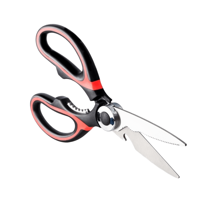 Tesoura de Cozinha Multi Função em Aço Inox 21cm Prata, Preto com Vermelho
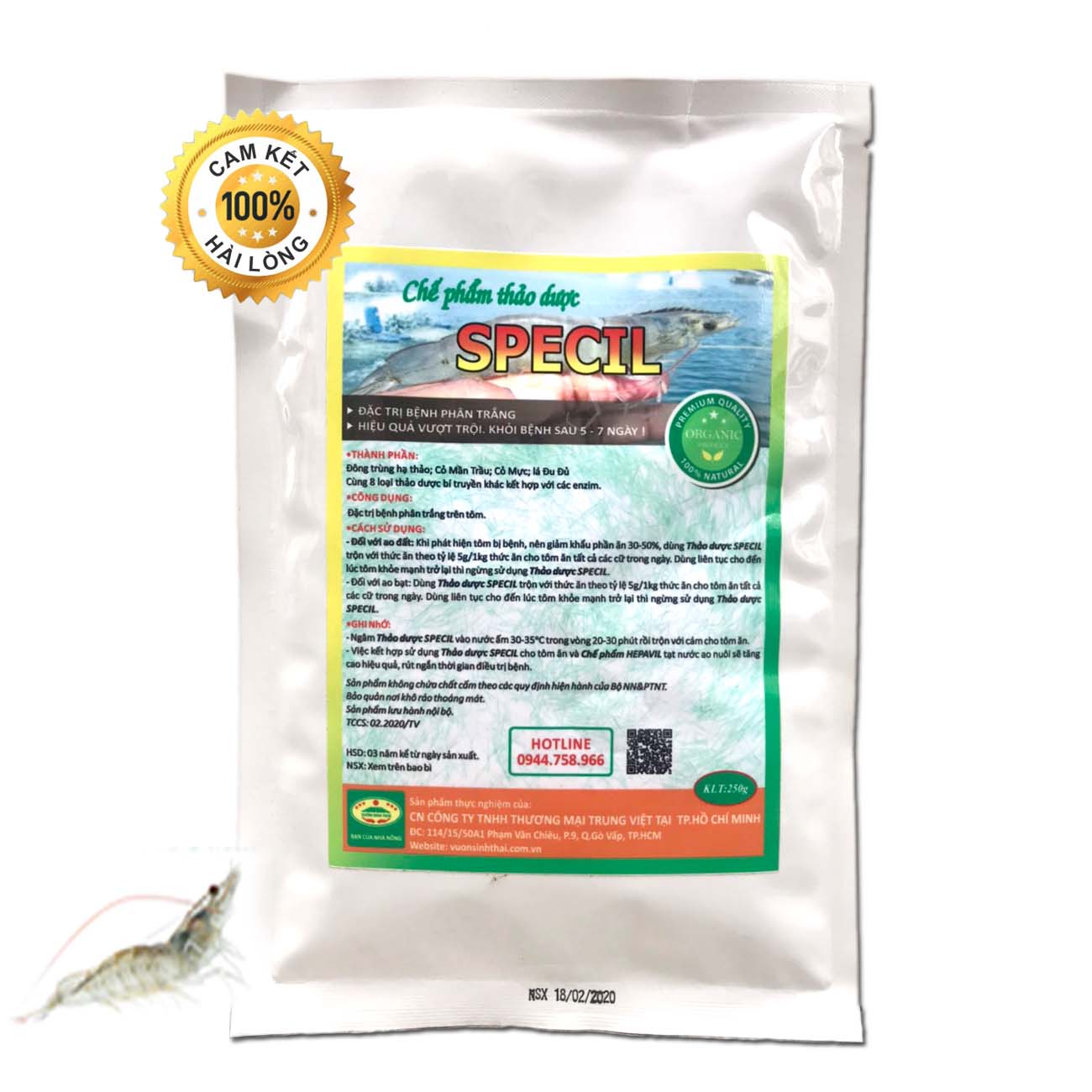 Chế phẩm thảo dược SPECIL ⇒ Đặc trị bệnh Phân Trắng trên Tôm ⇒ Hiệu quả vượt trội – Khỏi dứt điểm sau 5-7 ngày ! “Thảo dược SPECIL là dòng chế phẩm sinh học cao cấp
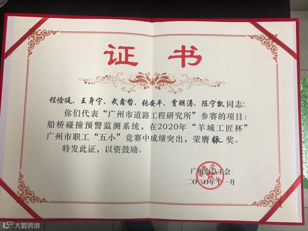广州市道路工程研究所报送的项目“船桥碰撞预警监测系统”荣获银奖。
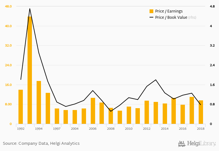 In terms of price to book value, the stock reached 0.772x at the end of 2018. Since 2013, the multiple reached an all time high of 1.26x in 2014 and an all time low of 0.772x in 2018 with an average of 1.09x.
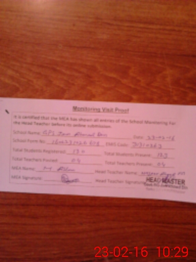 | EMIS Code: 31310263 | Name of School: GPS JAM AHMAD DIN | |||
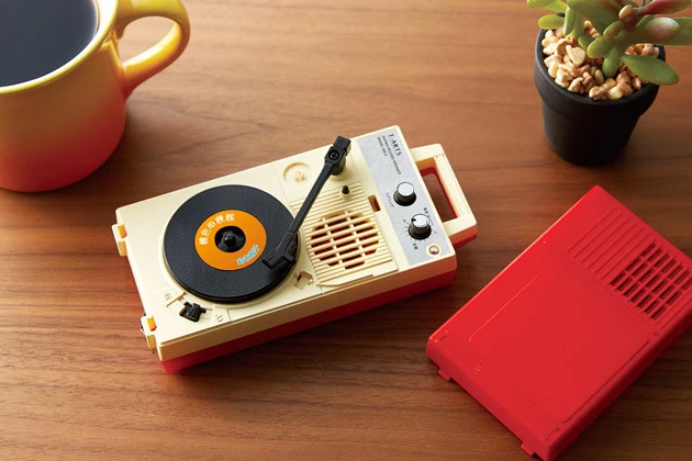 おなじみのポータブルプレイヤーのデザインですけど、中身はBluetooth対応のスピーカー。専用アプリを使えば、レコード部分をスクラッチしてDJ遊びもOK!
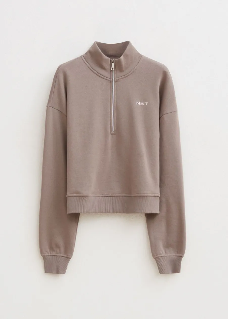 Deze sweater van Melting Stockholm heeft lange mouwen, een opstaande kraag en een halve ritssluiting aan de voorkant. De half-zip sweater is voorzien van een subtiele merktekst. Deze sweater is perfect te combineren met een jeans voor een casual look.
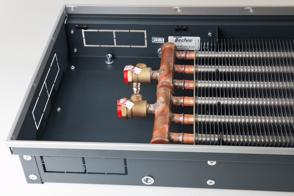 Водяные конвекторы в качестве нагревательного элемента используют трубчатый оребренный теплообменник, по которому движется теплоноситель, отдавая тепло нагреваемому воздуху. Теплообменник выполняется чаще всего из меди, нейтральной к влиянию внешних негативных факторов – коррозии, низкому качеству теплоносителя и так далее. За счет оребрения увеличивается площадь теплообмена.
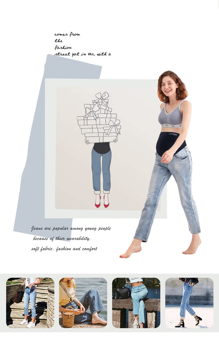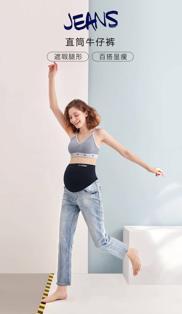 Осенние джинсовые штаны для беременных, свободный прямой крой, популярно в интернете
════════════════
● **TASK DESCRIPTION**: Output every record above exactly as written, but skip the pictures.

● **TASK RESPONSE**:
 Tesoura de Cozinha Multi Função em Aço Inox 21cm Prata, Preto com Vermelho
 Chế phẩm thảo dược SPECIL ⇒ Đặc trị bệnh Phân Trắng trên Tôm ⇒ Hiệu quả vượt trội – Khỏi dứt điểm sau 5-7 ngày ! “Thảo dược SPECIL là dòng chế phẩm sinh học cao cấp
广州市道路工程研究所报送的项目“船桥碰撞预警监测系统”荣获银奖。
 In terms of price to book value, the stock reached 0.772x at the end of 2018. Since 2013, the multiple reached an all time high of 1.26x in 2014 and an all time low of 0.772x in 2018 with an average of 1.09x.
 | EMIS Code: 31310263 | Name of School: GPS JAM AHMAD DIN | |||
 おなじみのポータブルプレイヤーのデザインですけど、中身はBluetooth対応のスピーカー。専用アプリを使えば、レコード部分をスクラッチしてDJ遊びもOK!
 Deze sweater van Melting Stockholm heeft lange mouwen, een opstaande kraag en een halve ritssluiting aan de voorkant. De half-zip sweater is voorzien van een subtiele merktekst. Deze sweater is perfect te combineren met een jeans voor een casual look.
 Водяные конвекторы в качестве нагревательного элемента используют трубчатый оребренный теплообменник, по которому движется теплоноситель, отдавая тепло нагреваемому воздуху. Теплообменник выполняется чаще всего из меди, нейтральной к влиянию внешних негативных факторов – коррозии, низкому качеству теплоносителя и так далее. За счет оребрения увеличивается площадь теплообмена.
 Осенние джинсовые штаны для беременных, свободный прямой крой, популярно в интернете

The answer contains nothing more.